On May 19, well after deaths in long-term care had come to dominate the fatality data in Minnesota, Chris Serres reported in the Star Tribune that the Minnesota Department of Health had evacuated COVID-19 patients from hospitals to nursing homes early in the epidemic. “Minnesota hospitals have since discharged dozens of infected patients to nursing homes, including facilities that have undergone large and deadly outbreaks of the disease, state records show.” While the Walz administration has somehow escaped criticism in the local media, Minnesota’s nursing home crisis has become a national disgrace.
What is to be done?
Neither Walz nor Commissioner Malcolm responded to our request for an interview in connection with this article. Three months after Walz began issuing shutdown orders, it seems clear that they went much too far, failed to protect Minnesota’s most vulnerable citizens, did vast and needless damage to the state’s economy, and were at all times unsupported by the data. It is not apparent that Walz has sought advice beyond a small circle of supposed experts or his own partisan colleagues. The lack of a critical press has served him especially poorly in this respect.

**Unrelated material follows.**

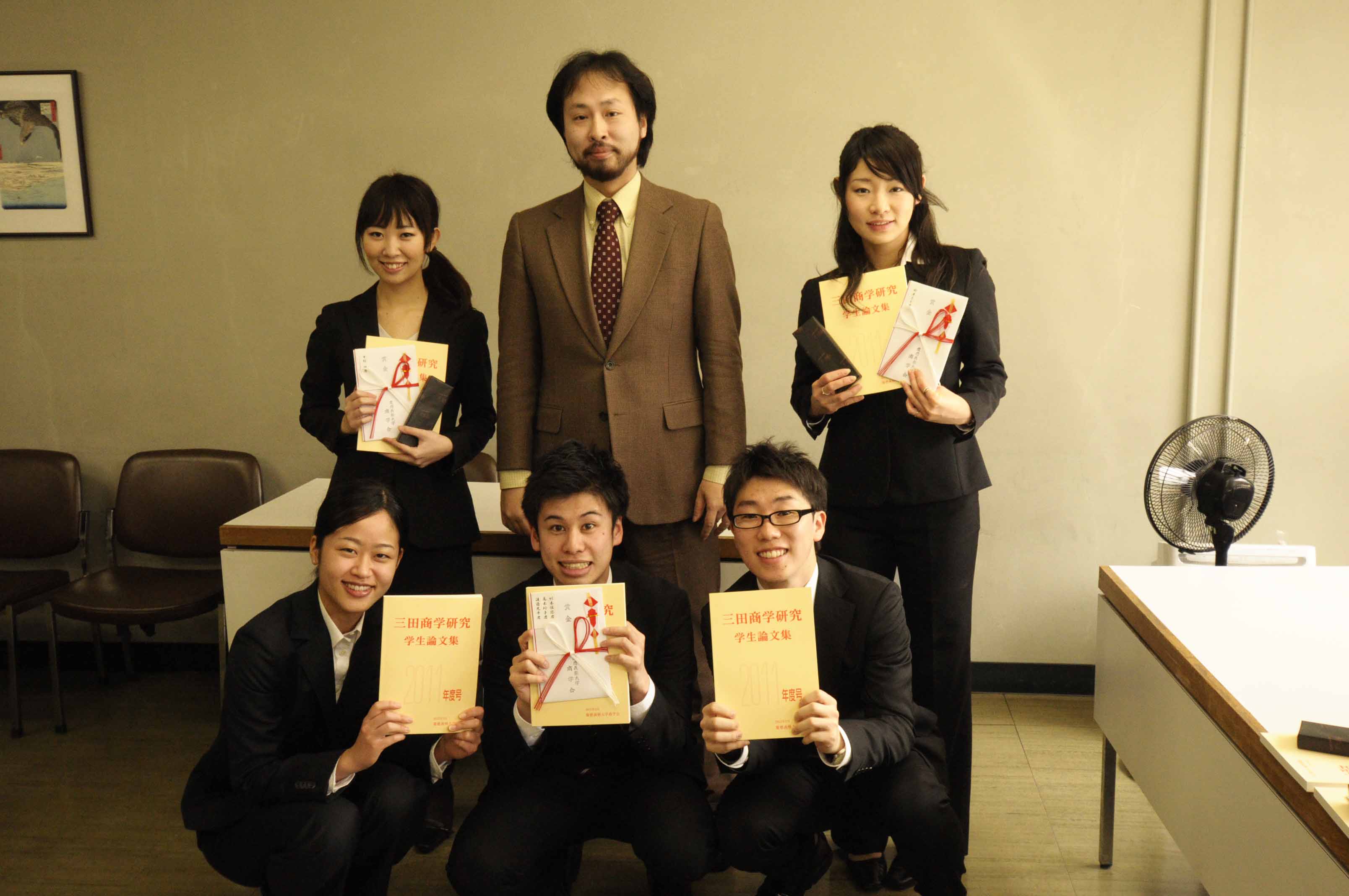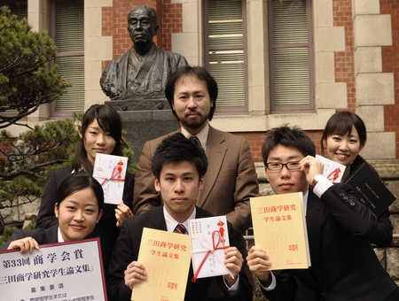 商学会賞を狙いはじめてから約10ヶ月後の3月26日、ついに授賞式を迎えた私たち。 本日も晴天なり。 今回、この栄誉ある賞を受賞した学生11組のうち、第8期の中村さん、鈴木さん、そして、第9期の私たち 「十ゼミチーム」(刎本・高木・渡邉) の3組の小野ゼミ生が占めることができました。 |
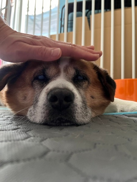 | 特徴(性格など) | 【はじめに】 ◉預かりブログ・HP・譲渡条件を必ず】熟読の上、アグリドッグレスキュの専用フォームからご応募お願いいたします アグリドッグレスキューHP https://aguri.nomaki.jp/ 預りブログ:千代エル乙女の日常日記&アグリドッグレスキュー https://ameblo.jp/chiyo-el-lovelove/ 譲渡条件 http://aguri.nomaki.jp/z.html ★【アグリドックレスキュー応募アンケートフォーム】★ http://my.formman.com/form/pc/HSiHA19xGo1sxlwu/ MIXの男の子 ・年齢 推定10歳以上 ・体重22.75kg(要減量) ・血液検査済 ・フィラリア陰性 ・ワクチン接種済 ・ノミダニ駆除済 ・マイクロチップ装着済 ・去勢手術済 ・スケーリング済 ・角膜内皮ジストロフィー(左眼は若干反応あり、右眼はなし) ・尿結石あり(経過観察中) ・皮膚のかゆみのため抗生剤服用中 ■性格・特徴 穏やかで優しい子です。 体のどこを触っても嫌がらず、歯磨きもできます。 人に飛びつくことはなく、お散歩も引っ張りはありません。他犬には無反応です。 甘えん坊ですが、自分からぐいぐい甘えるよりは、控えめに人間の近くにいるタイプです。 預り宅では甘えて鼻鳴きしますが、要求吠えは今のところありません。 角膜内皮ジストロフィーのため点眼が必要ですが、点眼薬もジッと我慢できます。 ナイーブなところがあり、環境変化や去勢手術後は排泄を我慢したり、食べなくなったりします。(1日待てば戻ります。) 太り気味とモフモフにより暑さに弱いです。 ■体調 保護当初は、血液検査で肝臓の数値高めで、外耳炎の所見がありましたが現在では問題ありません。 また、眼圧も保護当時よりは下がってきました。 少々太り気味なので、ダイエットが必要です。 尿結石がありましたので結石用フードを食べて経過観察中です。 ■ごはん あまり食に執着がなく、ごはんを残すことが多いです。(結石用フードがお気に召さない様子) トッピングを追加すると何とか食べてくれます。 人間の食べ物(匂い・音)に反応し欲しがりますが、注意すれば諦めます。 ■トイレ 排泄は完全に外派です。 現在は、散歩の時か、預り宅の庭で排泄しています。 ■お散歩 1日2回、20~40分のお散歩をしています。 ハーネスが苦手で、ハーネスをつけると歩かなくなります。 現在は首輪を2本つけて、ダブルリードにしています。 ■お留守番 寝ている時間が多く、お留守番は上手にできます。 預り宅では、今のところイタズラはありません。 ただし、シニアで持病があることから、不調の際、そばにいてあげられる環境が望ましいです。 |

Minnesotans often feel a keen rivalry with Wisconsin, a state with similar population size, composition and density. On May 13, that state voided its shutdown order. There was no uptick in cases or deaths. In fact, throughout the epidemic, Wisconsin has had fewer cases and
deaths, including fewer deaths among long-term care residents, while conducting the same number of tests. Wisconsin demonstrates the lack of necessity for extreme shutdowns, and the ability to trust citizens to make their own decisions on their risk and how to protect themselves. Walz suggested that the science of the epidemic was somehow different in Wisconsin and has refused to relinquish his dictatorial emergency powers and show trust in Minnesotans.
But it isn’t just Wisconsin—Minnesota has performed poorly in comparison with all five Upper Midwestern states. The Walz administration has managed to achieve both the highest rate of jobless claims and the highest COVID-19 death rate of any Upper Midwestern state.
Early on in the course of the epidemic and more so with each passing week, it became apparent that there is little risk of serious illness or death to the vast majority of Minnesotans from COVID-19. By contrast, there is a significant risk to the infirm elderly and others with serious medical conditions. The protection of those living in congregate care settings should not be difficult.
We agree with Walz in one respect. The best course is one that has certainty in ending the epidemic, which is letting the virus burn itself out by infection of a critical mass of the population while protecting the high-risk population. As Walz acknowledged at the outset, this is a concession to the inevitable. The course he has chosen only protracts the process and aggravates the adverse consequences.
The spread of the virus leads to asymptomatic or mild illness in over 95 percent of the population. Achieving population immunity will reduce transmission and protect all remaining uninfected persons, including the vulnerable elderly. That is the course on which we should have embarked and can still elect. It gets us to safety in a reasonable time, with far less economic devastation, adverse health effects, and other harms. And we need to reopen our economy as quickly as possible if we will have any reasonable hope of reversing the considerable damage that has already been done.